Class of Australian 2-6-0 locomotives

The Z24 class (formerly B55 class) is a two-cylinder, non-condensing, saturated 2-6-0 ‘ Mogul‘ type steam engine built by Dübs & Company for the New South Wales Government Railways of Australia.

==Order==
Following the success of the B205 class, in 1889 the New South Wales Government Railways ordered an additional 25 locomotives of a basically similar design from Dübs & Company. These locomotives had a deeper firebox, steel cab and weighed an extra nine tonnes. They were pooled with the B205 class in general working. The first locomotive entered traffic on 10 March 1891 and all were in service by August that year.

==Operation==
They took a generally unobtrusive part in main line goods traffic until displaced by the D50/D53/D55 class locomotives. They then moved on to branch lines until displaced by the C30T class locomotives which arrived in the mid-1920s.
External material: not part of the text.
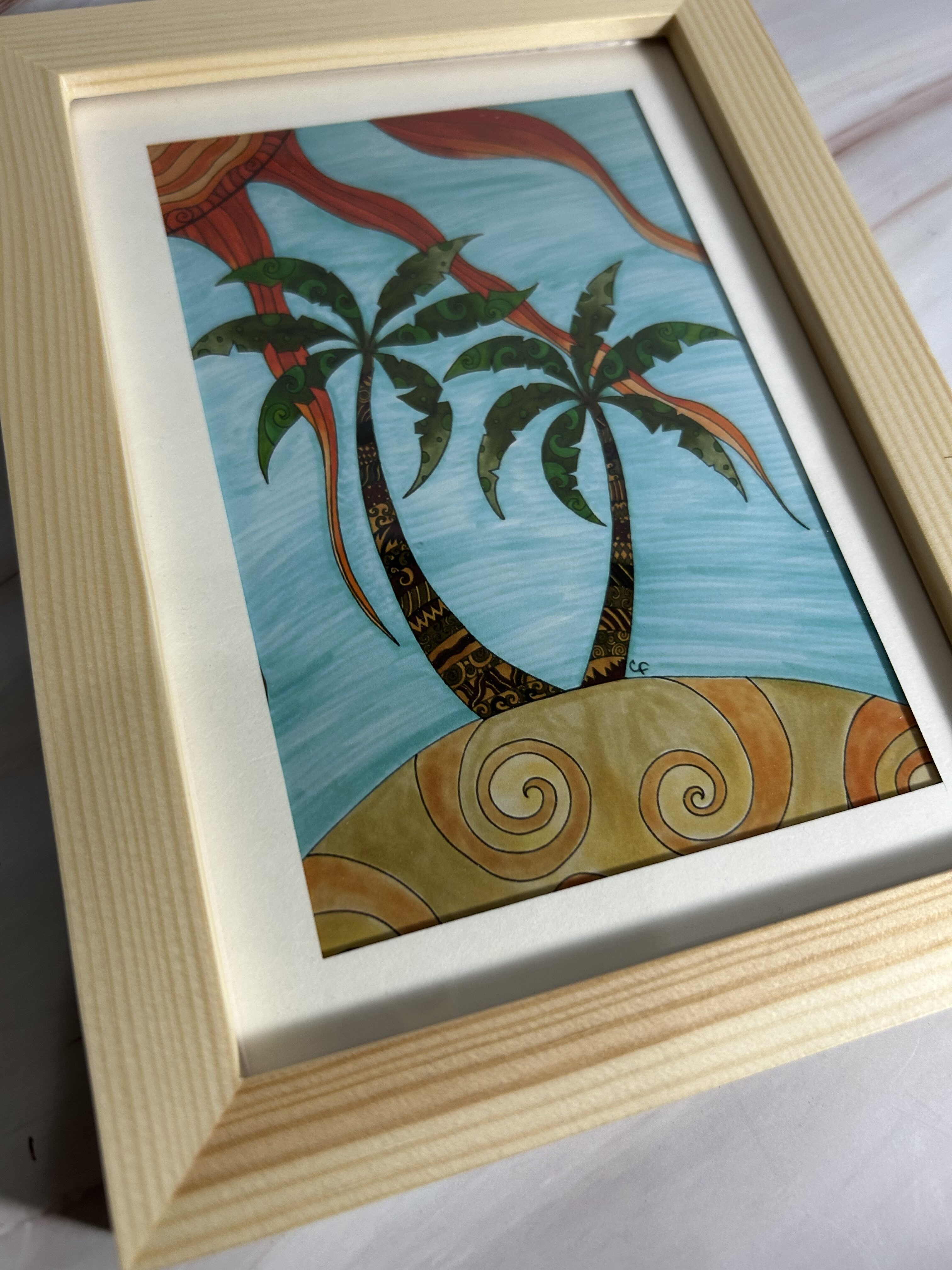 Artwork measures 5″ x 7″ frame measurements are 6″ x 8″

==Demise and preservation==
As boiler renewals became due between 1929 and 1960, their numbers were depleted through either scrapping or disposal. Representatives found their way on to the private lines of such organisations as Bunnerong Power Station, Nepean Sand & Gravel at North Richmond and Hunter Valley collieries.

The last locomotive withdrawn was 2413 in November 1960, following an enthusiast tour to Richmond. It joined 2408 and 2414 at Bunnerong Power Station until 1975.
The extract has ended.